Items from a data source:
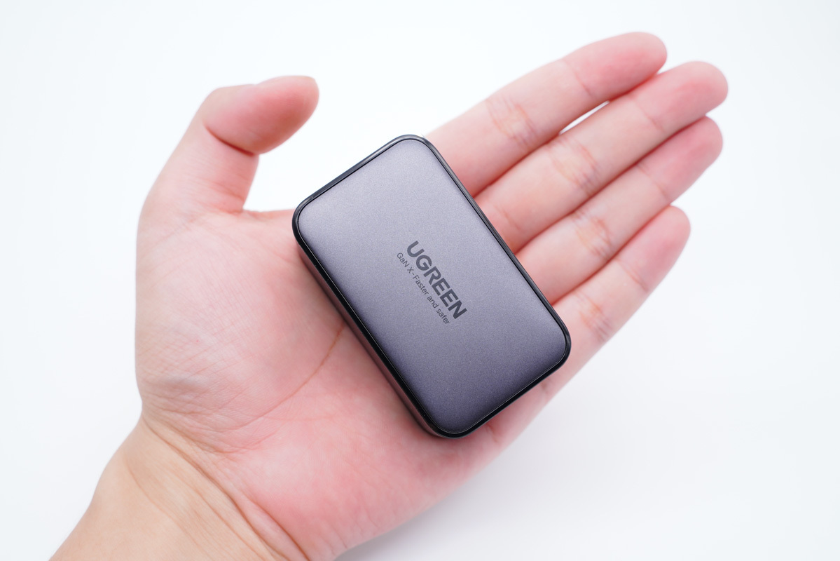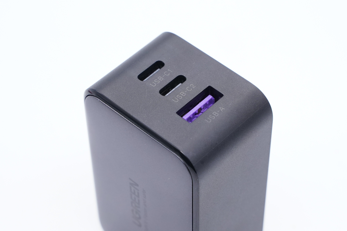 来看今天的主角,充电器外形并没有采用常规的设计,常见的长条状的充电器均以四周面与面的交界处过渡圆润为主体,插脚和接口面板削平的设计。而UGREEN绿联的这款充电器则恰恰相反,给人一种耳目一新的感觉。
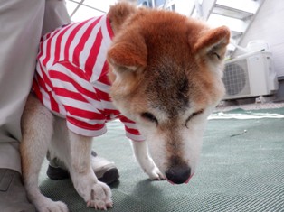 自分からお店の奥へと進んで行った割に、お外に出ると尻尾だら~んなはち丸さん☆
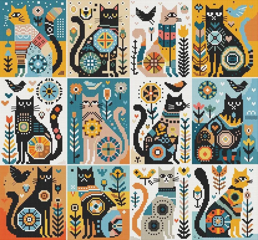 Set of 12 cats, cross stitch pattern, modern cross stitch, PDF, instant download, CAT13
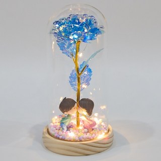 VITALO 각인 커스텀 무선 프로포즈 크리스탈 LED 무드등 인테리어소품 기념일선물 프로포즈선물, 01.뽀뽀(블루로즈)
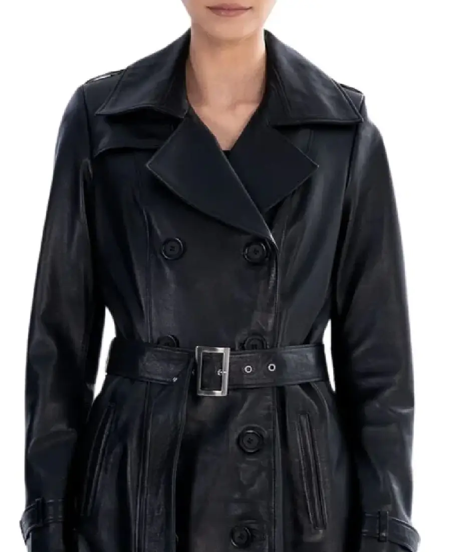 Shop The Women Black Spring Belted Leather Trench Coat
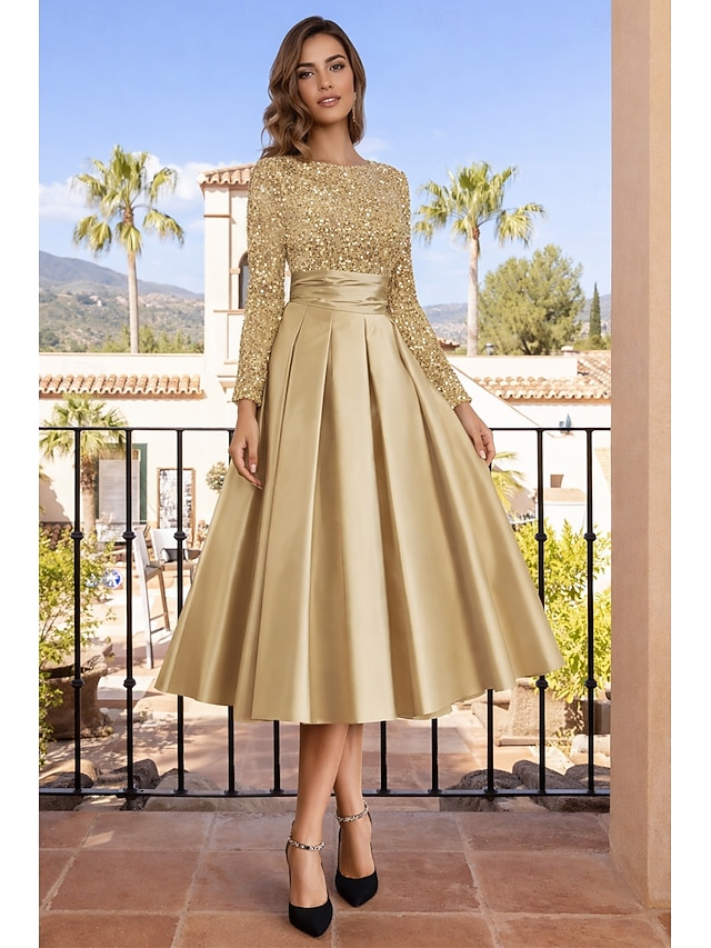 Linea ad A Lunghezza Tè Abiti da Cocktail Abiti da festa Elegante Brillanti Manica Lunga Girocollo Natale Ospite di nozze Raso Velluto con Pieghe Paillettes #9738270

### Exercise details
The entries above must be output exactly, with every image left out.

### Completed exercise
 来看今天的主角,充电器外形并没有采用常规的设计,常见的长条状的充电器均以四周面与面的交界处过渡圆润为主体,插脚和接口面板削平的设计。而UGREEN绿联的这款充电器则恰恰相反,给人一种耳目一新的感觉。
 自分からお店の奥へと進んで行った割に、お外に出ると尻尾だら~んなはち丸さん☆
 Set of 12 cats, cross stitch pattern, modern cross stitch, PDF, instant download, CAT13
 VITALO 각인 커스텀 무선 프로포즈 크리스탈 LED 무드등 인테리어소품 기념일선물 프로포즈선물, 01.뽀뽀(블루로즈)
 Shop The Women Black Spring Belted Leather Trench Coat
 Linea ad A Lunghezza Tè Abiti da Cocktail Abiti da festa Elegante Brillanti Manica Lunga Girocollo Natale Ospite di nozze Raso Velluto con Pieghe Paillettes #9738270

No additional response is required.